Research team develop pioneering battery management for electric cars

A team of Teesside University researchers have carried out ground-breaking work which sees artificial intelligence used to extend the life of batteries commonly used in electric cars.

It comes as Tees Valley leaders call for billionaire entrepreneur Elon Musk to bring his giant electric car Gigafactory to the region.

Tesla Motors, founded by Musk, previously included Hartlepool in a shortlist of possible locations for its new car plant.

The research team, led by Professor Michael Short from Teesside University’s Centre for Sustainable Engineering, has developed novel prediction algorithms for enhanced management and control of batteries.

The battery research had led to development of novel diagnostics and prognostics algorithms based upon Advanced Signal Processing, Artificial Intelligence and Adaptive Control to enhance the lifetime and estimate the state-of-health in Li-on batteries, which are commonly used in electric vehicles and Electrical Grid applications.
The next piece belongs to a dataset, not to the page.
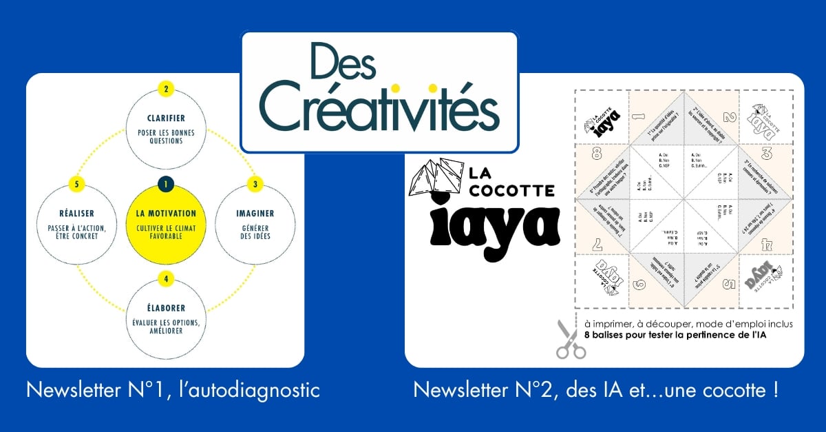 J’ai également dirigé l’ouvrage Les dessous de la créativité : gagner en confiance créative et relever les défis, publié aux Éditions Ellipses, avec l’ambition d’éclairer les facettes de la créativité, de partager des repères solides, d’offrir des outils concrets et des témoignages inspirants. Certains de ces outils sont téléchargeables dans les différents numéros “Des Créativités”. Par exemple, la Roue de la créativité opérationnelle est à télécharger dans le N°1. Je conçois également des outils spécialement pour la newsletter, comme dans le N°2 avec la désormais fameuse cocotte IAYA.

The research team, co-ordinated by Dr Maher Al-Greer, used a novel testing facility recently constructed in the university’s School of Computing, Engineering & Digital Technology, providing more accurate and reliable measures of battery health and state-of-charge. It can be used to improve the performance, range and efficiency of electric vehicles.

Professor Short said: “Research in the area of energy storage, management and control at the University can be traced back over ten years, with centre staff leading and contributing to several large-scale European projects around Smart Energy themes.

“I am very pleased with the way the research has now been driven forward into the area of Li-on battery management by my colleague Dr Al-Greer.”

He added: “Recent announcements related to the proposed construction of a battery Gigafactory in the North East, to support the manufacture of electric vehicles, is an exciting development and provides a vote of confidence in the region’s research and development expertise in this area. We look forward to continue working with industry to apply our research in future.”

Dr Al-Greer said: “Given recent focus upon electric vehicles and grid energy storage for achieving Net Zero goals, since 2018 we have made a concerted effort to develop and apply our research to help extend the lifetime and enhance operation of Li-on battery storage units.

“We have developed multiphysics, equivalent circuit, empirical and semiempirical models to predict the degradation of batteries and used our new test facilities to confirm accuracy. In addition, we have integrated these models with our developed system identification algorithms to accurately estimate the states of battery.

“We hope this research will make a significant impact in battery management systems for electric vehicles.”

The successful research, which has been published in several esteemed journals and international conferences and featured on the front cover of International Journal of Energies, has shown that Deep Learning and Time Frequency analysis can be used to interpret battery data to give successful predictions battery internal state, and also how to best make use of the battery given its current state.

The work has also led to several national and international collaborative research funding applications.